_What you have to do_
In the listing below, the answer starts at the line that has "WEEKLY HSE INSPECTION CHECKLIST" and stops after the line that has "Aqua Teal Burgandy"; please repeat that part exactly and nothing more.

_Extracted records_
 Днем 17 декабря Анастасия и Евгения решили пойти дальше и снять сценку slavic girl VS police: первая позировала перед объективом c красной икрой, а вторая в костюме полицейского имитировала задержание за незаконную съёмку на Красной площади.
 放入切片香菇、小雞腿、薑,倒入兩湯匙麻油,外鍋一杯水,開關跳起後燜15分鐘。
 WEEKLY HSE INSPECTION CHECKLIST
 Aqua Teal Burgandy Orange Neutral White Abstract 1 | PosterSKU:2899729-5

---

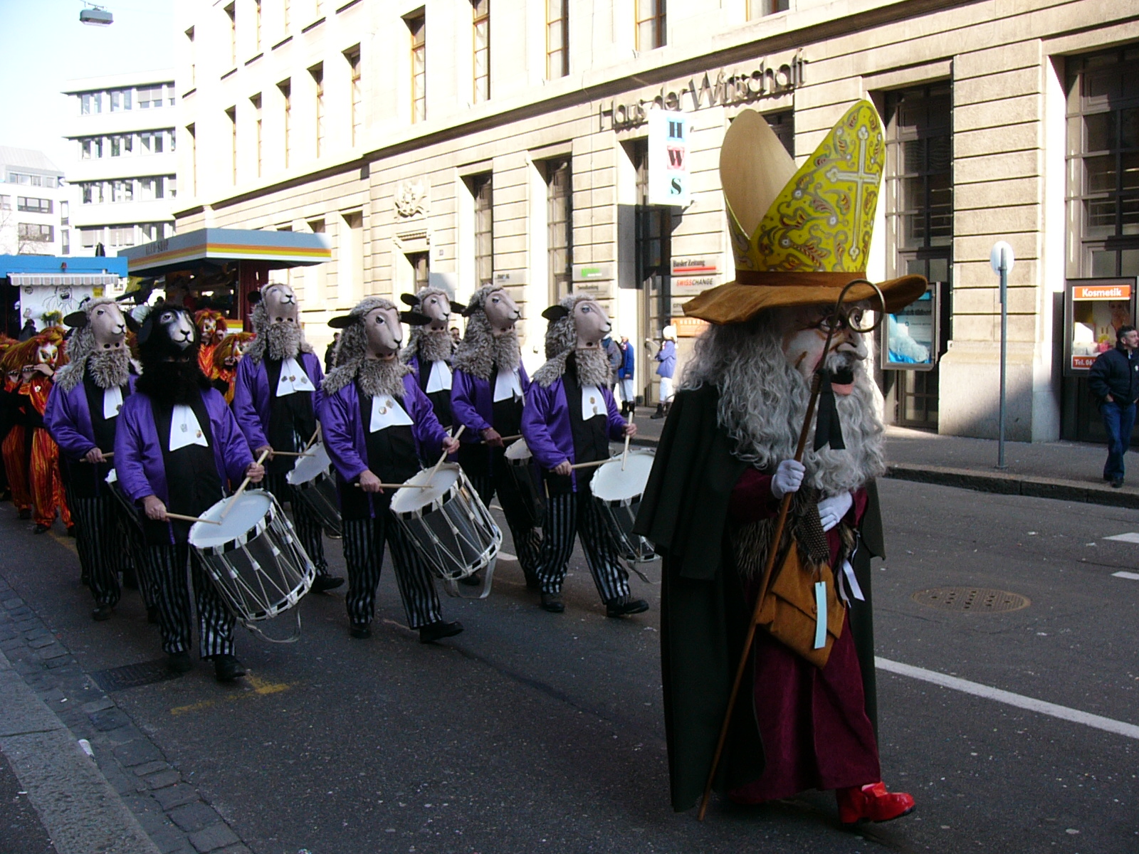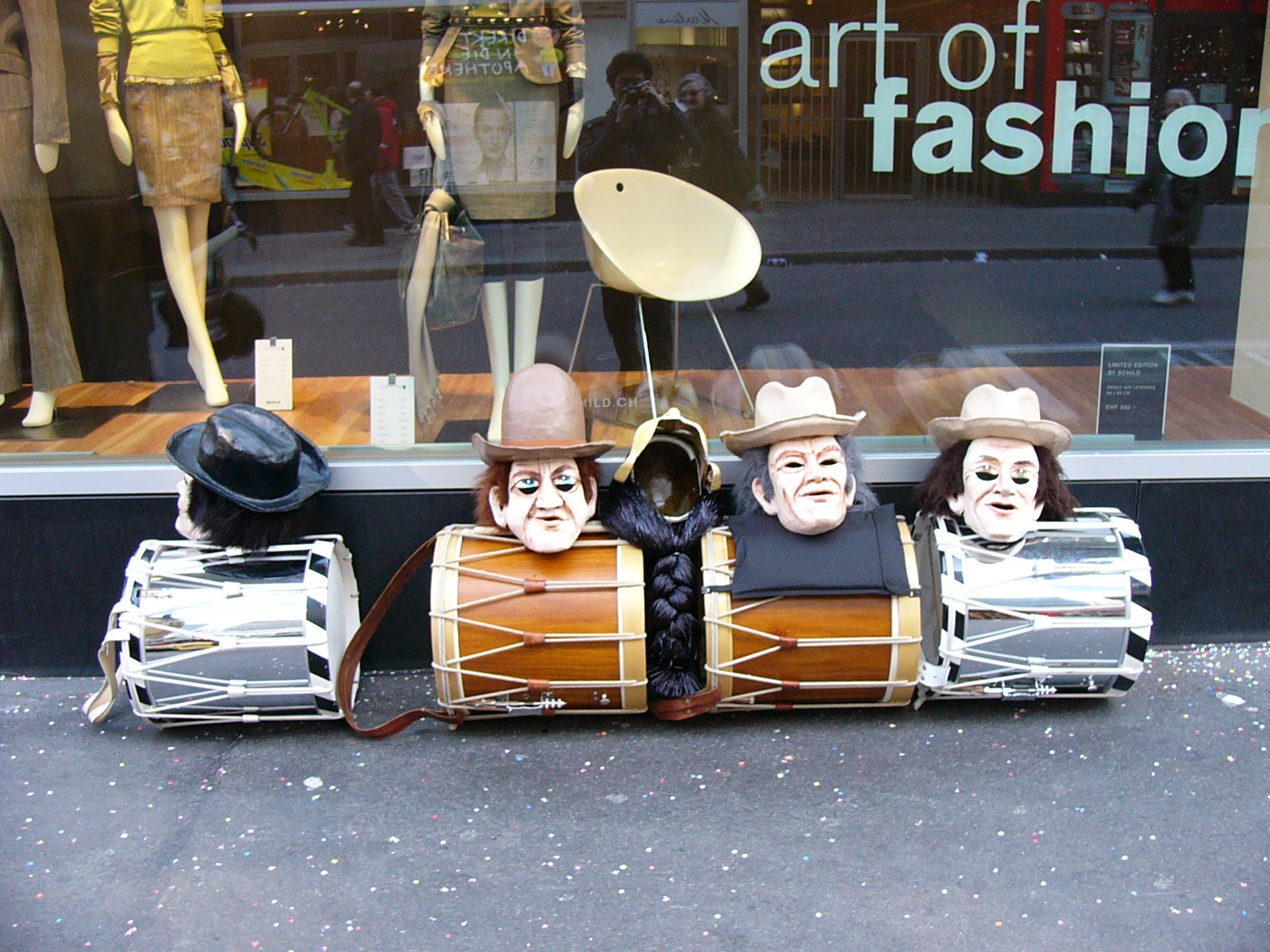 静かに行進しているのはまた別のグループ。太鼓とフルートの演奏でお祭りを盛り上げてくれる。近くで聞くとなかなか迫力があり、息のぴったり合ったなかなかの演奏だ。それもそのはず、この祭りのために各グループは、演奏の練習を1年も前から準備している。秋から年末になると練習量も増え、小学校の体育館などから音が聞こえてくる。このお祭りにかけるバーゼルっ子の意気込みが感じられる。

_Exercise result_
 WEEKLY HSE INSPECTION CHECKLIST
 Aqua Teal Burgandy Orange Neutral White Abstract 1 | PosterSKU:2899729-5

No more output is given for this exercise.